How To Write A Simple Lexical Analyzer or Parser

Introduction

This paper is a response to an e-mail question asking if anyone had code to validate that a sequence of characters was a valid XML name which was not a reserved XML name (starting with ‘x’|’X’ ‘m’|’M’ ‘l’|’L’) or a qualified name (one containing ’:’). See Section 2.3 of the XML Specification.

Languages are defined using a grammar. There are many notations for grammars but most use some variant of Extended Backus-Naur form (EBNF), XML is no exception to this rule. The variant of EBNF used for the XML notation is described in Section 6 of the XML Specification. Transforming an EBNF grammar into a lexical analyzer and/or parser is a relatively straight forward process. For simplicity I define the lexical analyzer as the system which transforms a stream of characters into tokens and the parser as the system which transforms a stream of tokens into a sequence of actions for each production rule. There are libraries, such as the Boost Spirit Library and tools such as Lex and Yacc which can be used to aid in writing lexical analyzers and parser. Knowing how to write these systems simply and directly is an invaluable tool in any programmers tool chest and experience with writing such systems will make you more productive when using libraries and tools and give you some insight into when you should and should not use them. Some issues (including this one) can also be addressed by writing a regular expression using a library such as the Boost Regex Library - however, dealing with the numerous ranges of values in the grammar production with this problem are difficult to express in a regular expression.
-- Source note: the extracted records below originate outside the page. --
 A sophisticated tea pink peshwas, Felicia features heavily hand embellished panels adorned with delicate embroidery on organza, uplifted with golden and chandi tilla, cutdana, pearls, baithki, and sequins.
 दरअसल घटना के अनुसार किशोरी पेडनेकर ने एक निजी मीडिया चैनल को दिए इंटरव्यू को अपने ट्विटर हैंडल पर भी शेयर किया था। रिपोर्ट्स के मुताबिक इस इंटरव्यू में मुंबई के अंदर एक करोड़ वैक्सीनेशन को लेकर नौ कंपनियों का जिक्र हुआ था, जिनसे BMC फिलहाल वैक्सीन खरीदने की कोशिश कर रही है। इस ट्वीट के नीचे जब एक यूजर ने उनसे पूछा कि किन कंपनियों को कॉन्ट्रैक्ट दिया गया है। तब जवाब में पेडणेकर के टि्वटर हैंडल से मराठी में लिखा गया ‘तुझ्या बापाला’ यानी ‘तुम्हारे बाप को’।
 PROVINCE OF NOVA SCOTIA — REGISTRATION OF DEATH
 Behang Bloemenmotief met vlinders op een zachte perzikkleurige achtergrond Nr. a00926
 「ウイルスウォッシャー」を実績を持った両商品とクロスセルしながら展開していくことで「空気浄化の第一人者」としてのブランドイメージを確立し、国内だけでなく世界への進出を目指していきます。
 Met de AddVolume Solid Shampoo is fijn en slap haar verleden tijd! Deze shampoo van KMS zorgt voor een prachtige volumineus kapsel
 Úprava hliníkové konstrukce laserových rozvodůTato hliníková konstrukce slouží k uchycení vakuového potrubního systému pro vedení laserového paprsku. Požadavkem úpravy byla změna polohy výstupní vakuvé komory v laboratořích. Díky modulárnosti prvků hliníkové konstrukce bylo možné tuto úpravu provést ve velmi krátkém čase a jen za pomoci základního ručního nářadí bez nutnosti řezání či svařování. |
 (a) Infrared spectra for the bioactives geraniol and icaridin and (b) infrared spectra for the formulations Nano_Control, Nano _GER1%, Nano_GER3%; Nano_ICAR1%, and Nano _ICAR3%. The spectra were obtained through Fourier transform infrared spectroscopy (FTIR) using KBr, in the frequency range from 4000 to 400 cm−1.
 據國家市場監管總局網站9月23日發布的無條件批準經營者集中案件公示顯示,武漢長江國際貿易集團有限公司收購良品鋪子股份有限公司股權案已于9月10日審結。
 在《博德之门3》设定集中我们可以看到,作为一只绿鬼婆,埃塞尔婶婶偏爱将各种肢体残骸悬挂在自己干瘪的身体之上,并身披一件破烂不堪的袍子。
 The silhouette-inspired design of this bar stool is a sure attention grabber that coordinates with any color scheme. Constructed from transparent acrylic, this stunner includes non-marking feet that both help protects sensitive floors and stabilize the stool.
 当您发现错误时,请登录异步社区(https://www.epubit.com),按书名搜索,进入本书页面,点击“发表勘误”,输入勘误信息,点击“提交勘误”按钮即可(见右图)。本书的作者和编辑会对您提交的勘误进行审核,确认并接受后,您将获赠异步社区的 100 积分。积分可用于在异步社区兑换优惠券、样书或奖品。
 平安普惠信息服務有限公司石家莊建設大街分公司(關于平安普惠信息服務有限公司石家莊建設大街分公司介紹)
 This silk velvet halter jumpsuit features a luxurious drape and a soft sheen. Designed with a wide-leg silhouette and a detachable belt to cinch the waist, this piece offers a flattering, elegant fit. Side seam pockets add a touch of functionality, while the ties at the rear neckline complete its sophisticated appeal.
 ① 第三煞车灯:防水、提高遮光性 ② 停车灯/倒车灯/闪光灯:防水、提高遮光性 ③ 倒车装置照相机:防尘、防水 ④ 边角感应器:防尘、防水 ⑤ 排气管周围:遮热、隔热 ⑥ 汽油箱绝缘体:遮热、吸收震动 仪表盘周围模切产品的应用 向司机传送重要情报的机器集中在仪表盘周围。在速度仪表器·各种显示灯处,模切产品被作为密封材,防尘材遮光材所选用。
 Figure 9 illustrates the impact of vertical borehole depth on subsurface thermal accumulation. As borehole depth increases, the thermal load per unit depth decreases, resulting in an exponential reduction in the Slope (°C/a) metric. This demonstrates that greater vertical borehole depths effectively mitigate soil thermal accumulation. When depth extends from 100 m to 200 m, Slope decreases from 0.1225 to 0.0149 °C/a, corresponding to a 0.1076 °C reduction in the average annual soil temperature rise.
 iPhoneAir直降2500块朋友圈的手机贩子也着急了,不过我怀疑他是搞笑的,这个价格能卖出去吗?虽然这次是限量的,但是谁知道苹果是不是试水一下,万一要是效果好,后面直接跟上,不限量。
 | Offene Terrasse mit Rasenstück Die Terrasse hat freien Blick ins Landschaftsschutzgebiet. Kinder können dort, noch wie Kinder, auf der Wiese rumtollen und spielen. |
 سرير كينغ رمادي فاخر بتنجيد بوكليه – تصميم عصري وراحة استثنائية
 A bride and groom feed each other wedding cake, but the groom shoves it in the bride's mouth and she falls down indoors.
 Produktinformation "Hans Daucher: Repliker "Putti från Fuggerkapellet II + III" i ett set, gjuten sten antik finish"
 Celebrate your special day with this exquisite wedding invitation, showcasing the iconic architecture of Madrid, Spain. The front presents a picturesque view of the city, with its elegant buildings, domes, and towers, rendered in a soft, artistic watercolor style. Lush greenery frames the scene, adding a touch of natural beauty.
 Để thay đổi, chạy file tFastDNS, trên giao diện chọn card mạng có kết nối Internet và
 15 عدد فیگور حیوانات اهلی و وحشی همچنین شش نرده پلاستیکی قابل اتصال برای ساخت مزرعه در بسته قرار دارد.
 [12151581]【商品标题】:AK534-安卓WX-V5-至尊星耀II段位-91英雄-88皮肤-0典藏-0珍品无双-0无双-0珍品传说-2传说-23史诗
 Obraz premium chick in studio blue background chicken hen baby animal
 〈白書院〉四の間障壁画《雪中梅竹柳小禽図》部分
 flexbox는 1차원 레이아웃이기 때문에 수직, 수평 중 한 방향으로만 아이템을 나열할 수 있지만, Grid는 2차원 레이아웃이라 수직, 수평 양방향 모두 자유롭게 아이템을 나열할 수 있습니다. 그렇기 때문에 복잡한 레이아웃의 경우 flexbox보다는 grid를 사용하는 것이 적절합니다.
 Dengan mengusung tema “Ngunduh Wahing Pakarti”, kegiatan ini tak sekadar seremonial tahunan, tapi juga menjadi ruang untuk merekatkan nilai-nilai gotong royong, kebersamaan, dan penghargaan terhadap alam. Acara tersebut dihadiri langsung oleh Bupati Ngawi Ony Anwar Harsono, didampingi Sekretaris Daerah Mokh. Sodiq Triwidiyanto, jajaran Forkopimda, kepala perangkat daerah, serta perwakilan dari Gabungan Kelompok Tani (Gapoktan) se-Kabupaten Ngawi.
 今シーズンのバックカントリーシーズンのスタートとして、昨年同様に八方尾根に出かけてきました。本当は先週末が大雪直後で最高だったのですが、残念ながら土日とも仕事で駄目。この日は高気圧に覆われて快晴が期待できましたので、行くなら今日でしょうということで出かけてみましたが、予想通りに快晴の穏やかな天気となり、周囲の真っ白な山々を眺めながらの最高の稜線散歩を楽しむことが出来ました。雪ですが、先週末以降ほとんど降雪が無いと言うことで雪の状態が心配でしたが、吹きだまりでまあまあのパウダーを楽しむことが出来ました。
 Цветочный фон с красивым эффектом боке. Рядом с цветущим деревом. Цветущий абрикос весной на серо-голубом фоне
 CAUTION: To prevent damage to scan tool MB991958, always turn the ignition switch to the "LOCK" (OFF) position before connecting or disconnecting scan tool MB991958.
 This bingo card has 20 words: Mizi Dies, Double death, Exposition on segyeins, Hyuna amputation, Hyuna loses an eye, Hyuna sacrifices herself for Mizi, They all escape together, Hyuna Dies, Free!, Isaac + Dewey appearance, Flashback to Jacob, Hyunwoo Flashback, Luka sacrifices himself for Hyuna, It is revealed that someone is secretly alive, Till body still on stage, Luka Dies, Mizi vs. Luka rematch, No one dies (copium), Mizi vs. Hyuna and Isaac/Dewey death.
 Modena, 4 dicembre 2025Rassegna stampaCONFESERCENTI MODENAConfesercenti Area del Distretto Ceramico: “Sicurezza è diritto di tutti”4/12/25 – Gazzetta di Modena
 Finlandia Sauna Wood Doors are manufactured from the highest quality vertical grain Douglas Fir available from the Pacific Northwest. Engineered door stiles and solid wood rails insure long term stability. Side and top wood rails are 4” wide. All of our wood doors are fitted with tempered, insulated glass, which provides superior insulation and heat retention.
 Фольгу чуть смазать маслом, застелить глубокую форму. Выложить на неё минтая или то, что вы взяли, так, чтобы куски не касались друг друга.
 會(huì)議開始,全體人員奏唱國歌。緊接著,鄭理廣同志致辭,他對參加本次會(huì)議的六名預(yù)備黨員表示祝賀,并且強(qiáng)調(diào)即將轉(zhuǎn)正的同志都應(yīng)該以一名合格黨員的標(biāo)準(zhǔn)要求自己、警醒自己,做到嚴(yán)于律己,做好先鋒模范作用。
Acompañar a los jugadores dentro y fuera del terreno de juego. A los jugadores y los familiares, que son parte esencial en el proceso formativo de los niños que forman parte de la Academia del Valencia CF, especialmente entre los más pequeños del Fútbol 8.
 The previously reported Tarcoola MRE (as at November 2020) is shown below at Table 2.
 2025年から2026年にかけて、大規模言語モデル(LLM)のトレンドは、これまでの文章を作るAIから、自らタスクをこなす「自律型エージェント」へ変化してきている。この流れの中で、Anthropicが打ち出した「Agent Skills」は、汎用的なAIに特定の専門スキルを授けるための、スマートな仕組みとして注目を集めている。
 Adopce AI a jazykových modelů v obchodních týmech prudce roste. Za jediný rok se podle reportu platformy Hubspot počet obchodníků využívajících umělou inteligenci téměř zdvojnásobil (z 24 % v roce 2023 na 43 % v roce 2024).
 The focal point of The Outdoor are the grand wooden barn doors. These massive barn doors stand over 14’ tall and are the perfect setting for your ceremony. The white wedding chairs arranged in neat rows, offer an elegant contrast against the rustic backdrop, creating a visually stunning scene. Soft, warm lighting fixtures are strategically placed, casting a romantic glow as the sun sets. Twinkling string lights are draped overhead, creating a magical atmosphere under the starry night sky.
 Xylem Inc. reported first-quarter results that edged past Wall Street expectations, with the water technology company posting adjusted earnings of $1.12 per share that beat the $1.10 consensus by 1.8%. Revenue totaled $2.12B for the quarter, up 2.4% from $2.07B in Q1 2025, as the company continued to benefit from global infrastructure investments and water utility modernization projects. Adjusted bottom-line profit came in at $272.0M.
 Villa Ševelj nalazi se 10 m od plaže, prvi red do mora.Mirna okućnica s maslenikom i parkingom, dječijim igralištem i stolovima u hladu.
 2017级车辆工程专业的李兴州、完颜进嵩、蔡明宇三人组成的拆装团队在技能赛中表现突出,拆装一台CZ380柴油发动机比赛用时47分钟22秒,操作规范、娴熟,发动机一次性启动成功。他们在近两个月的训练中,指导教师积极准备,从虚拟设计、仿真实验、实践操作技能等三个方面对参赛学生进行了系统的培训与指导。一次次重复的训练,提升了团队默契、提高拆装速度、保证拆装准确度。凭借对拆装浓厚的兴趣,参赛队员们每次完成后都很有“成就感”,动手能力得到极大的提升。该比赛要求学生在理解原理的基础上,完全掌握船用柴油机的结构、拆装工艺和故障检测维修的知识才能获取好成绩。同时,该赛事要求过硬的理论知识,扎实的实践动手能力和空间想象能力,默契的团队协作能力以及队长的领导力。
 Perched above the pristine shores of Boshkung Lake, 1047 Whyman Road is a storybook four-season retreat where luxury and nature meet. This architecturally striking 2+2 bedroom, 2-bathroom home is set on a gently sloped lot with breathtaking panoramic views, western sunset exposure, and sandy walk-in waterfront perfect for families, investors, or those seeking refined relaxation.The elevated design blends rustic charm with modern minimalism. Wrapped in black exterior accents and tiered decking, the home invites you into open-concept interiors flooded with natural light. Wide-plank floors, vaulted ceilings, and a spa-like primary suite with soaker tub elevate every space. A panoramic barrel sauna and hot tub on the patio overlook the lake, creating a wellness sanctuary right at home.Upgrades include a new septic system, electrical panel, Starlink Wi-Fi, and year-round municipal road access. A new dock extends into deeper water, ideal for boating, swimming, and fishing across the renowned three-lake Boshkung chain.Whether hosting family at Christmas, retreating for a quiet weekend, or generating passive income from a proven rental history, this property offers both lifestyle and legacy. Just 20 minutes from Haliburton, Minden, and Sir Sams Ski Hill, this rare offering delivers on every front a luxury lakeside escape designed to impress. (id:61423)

A finite automata can also be constructed for many such problems (including this one) and such systems have the advantage of inverting control flow - you put values into a finite automata as opposed to executing a parse function which pulls values from a stream.

When you look at a typical EBNF grammar it will frequently not distinguish which parts are the lexical analyzer production rules and which are the parser production rules - the structure of both a simple parser and simple lexer will be the same. The separation is the point where the value returned by the production rule is not a character from the stream, but some form of token. Because the structure is the same I’m going to refer from here on to both parts as simply the parser.

A Simple Recursive Descent Parser

To solve the problem of validating an XML name we’re going to write a simple recursive descent, or top-down, parser. The idea is to read from a stream of characters denoted by a pair of InputIterators - we will only need to read each character once without backtracking. A grammar which can be read in this form without backtracking is known as an LL(1) grammar.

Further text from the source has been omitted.